Black women experience the highest infant and maternal mortality rates in the United States (U.S.). Limited research has focused on adverse birth and maternal health outcomes among college-educated Black women, although research has indicated these outcomes persist among this population. Previous research has shown that work policy such as paid leave is associated with racial disparities in breastfeeding duration, impacting infant health. However, there is a dearth of research examining the perspectives of college-educated Black women on work during pregnancy or postpartum. This study explored college-educated Black women’s experiences during pregnancy and postpartum to better understand work-related social determinants of health. Participants also offer recommendations for work policy changes to improve maternal and infant health.

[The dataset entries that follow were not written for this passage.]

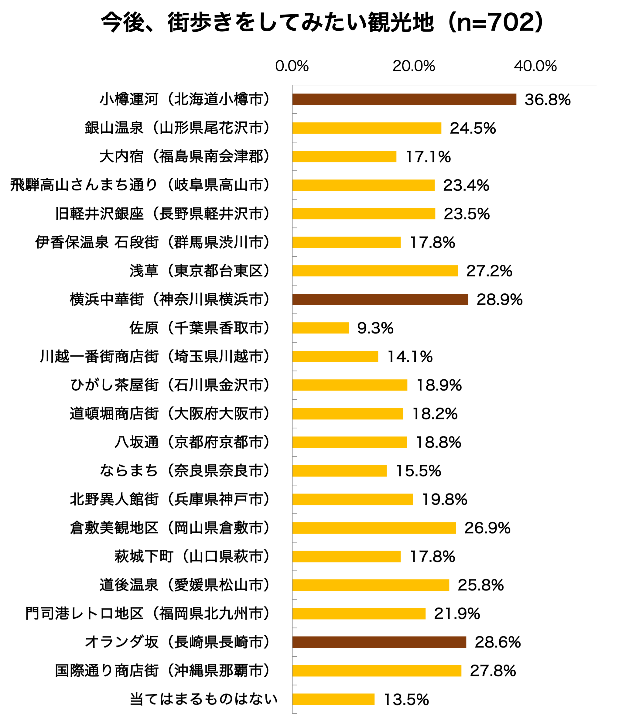 最後に、今後、街歩きをしてみたい観光地を尋ねたところ、1位「小樽運河(北海道小樽市)」(36.8%)、2位「横浜中華街(神奈川県横浜市)」(28.9%)、3位「オランダ坂(28.6%)が人気スポットとして支持を集めました。アフターコロナにおいては、景観の良さだけでなく、“食べ歩き”ができるエリアに人気が集まる傾向と言えそうです。
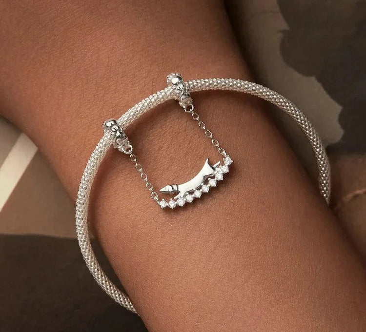 Capture the essence of your Dachshund love with the Starry Walk Dachshund Silver Pendant Charm.
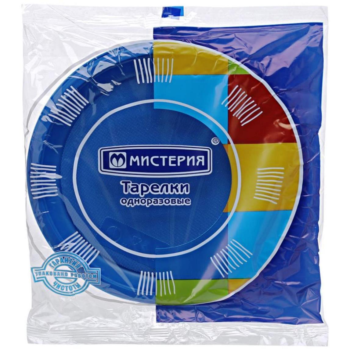 Тарелки одноразовые диаметр 17 см синие 60 штук Мистерия

Seventeen in-depth semi-structured interviews were completed with college-educated Black women from eight states in the U.S. Participants were asked several questions about workplace experiences during pregnancy and postpartum. For example, “How would you describe your experience at work during your most recent pregnancy?”, “How would you describe the support you received when you returned to work?” and “ What support did you need to transition back to work after your most recent pregnancy?”. Interviews were transcribed and analyzed for themes.
Black women described (1) lack of paid leave as a burden to family finances which influenced returning to work, (2) expressed that being the family breadwinner influenced decisions about work during pregnancy and postpartum, and (3) work factors influenced the initiation and duration of breastfeeding. Participants’ work policy recommendations were (1) paid leave and extended time off postpartum up to six months, (2) access to designated lactation space with supplies, (3) flexible work schedules and transitions back to work (e.g., telework, staggered return to work), (4) better leave preparation and return to work supports (e.g., work coach or postpartum navigator) and (5) access to local or onsite childcare to improve return to work during the postpartum period.
Findings provide insight into workplace factors influencing pregnancy and postpartum recovery from the perspectives of Black women. In addition, participants provided workplace policy and intervention recommendations to support maternal and infant health. Moreover, the intersection of race and gender oppression in U.S. society influences the work experiences of Black women. Therefore, workplace policy action centering Black women’s experiences should address pay equity, paid parental leave during pregnancy and postpartum, access to workplace breastfeeding supports, flexible work schedules, and childcare needs. In addition, future social work research should focus on work as a social determinant of health to address racial disparities in health.